Im Mittelalter raubten die Ritter die reichen Kaufleute aus, durch den Zolltarif wird das arme Proletariat ausgeraubt. Damals wurden die Ausgeraubten am Leben gelassen, jetzt wird das Leben durch die Verteuerung der Genußmittel verkürzt. Die hohen Brotpreise haben eine Schädigung der Gesundheit und einen frühen Tod im Gefolge.

Nach der Annahme des Zolltarifs hat der Reichskanzler die goldene Kette, der Proletarier aber die Hundekette bekommen, gemäß dem Wahlspruch auf dem Orden suum cuique.[1] Nachgewiesen ist, daß durch den Zolltarif der Bauer keinen Vorteil hat, sondern nur der Großgrundbesitzer. – Als wir nach [18]70 die Kriegskontributionen von Frankreich forderten, so hatte dieses Land viel zu zahlen, es wurde aber bald seine Schuld los.

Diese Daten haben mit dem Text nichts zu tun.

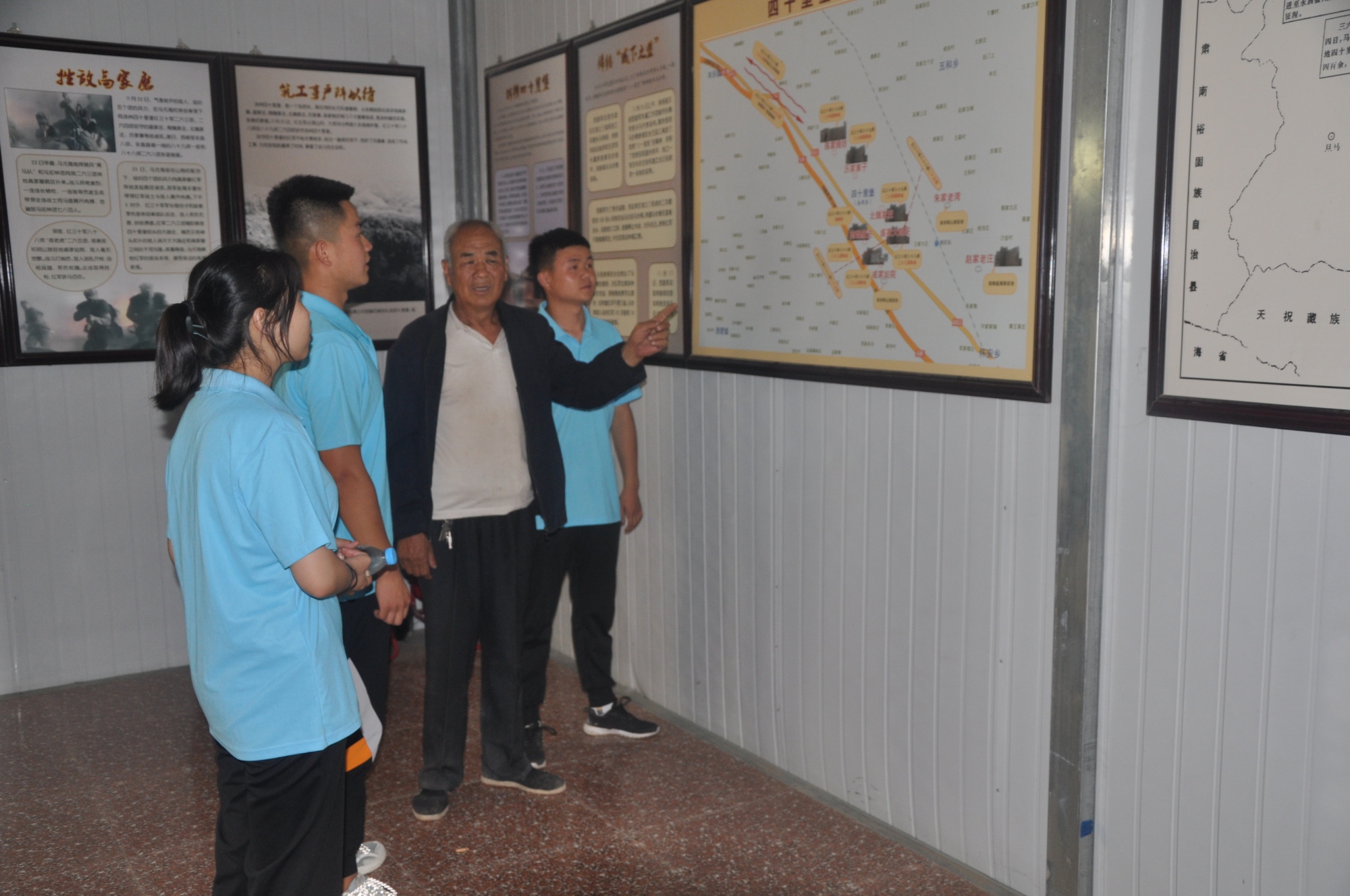 图为西路红军凉州战役纪念馆王大爷为团队成员描述凉州战役形势图及西路红军与凉州的故事,一幅又一幅图片让当年英勇的西路军将士为了人民幸福浴血奋战,血染河西走廊的轰烈场景历历在目。中国青年网通讯员 舒青竹 摄
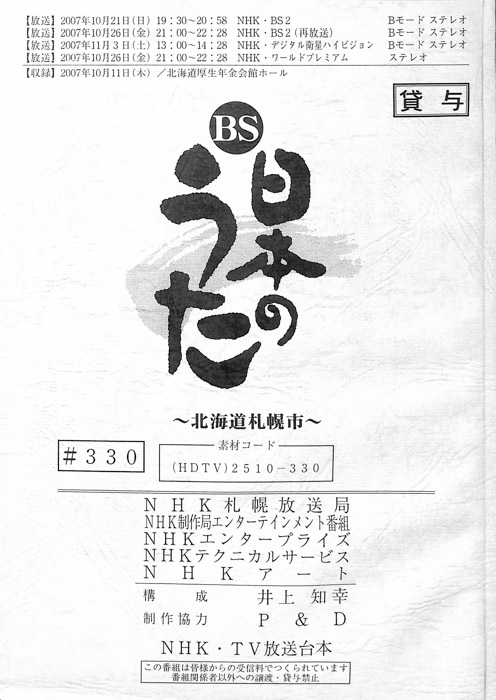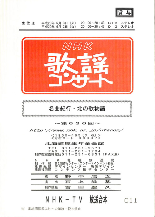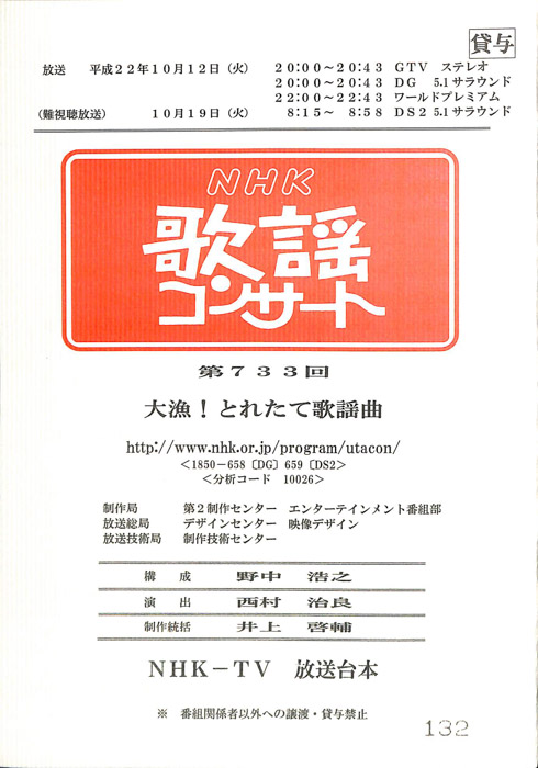 主な出演 : 綾小路きみまろ,橘大五郎,さかなクン,鳥羽一郎,中村美律子,山本智子,吉幾三,村岡弘之,藤榮史哉,玄也,菅由彩子,佐武宇綺,ツーライス- 作家 : 戸田山雅司

Wir werden aber den Tribut für die Reichen bei dem Zolltarif niemals los. Der Zolltarif ist eine Schande für Deutschland, er hat zur Folge, daß unsere Industrie in der Ausfuhr beeinträchtigt wird. Den Tribut zahlen nicht die Männer mit den goldenen Ketten, sondern wir armen Proletarier.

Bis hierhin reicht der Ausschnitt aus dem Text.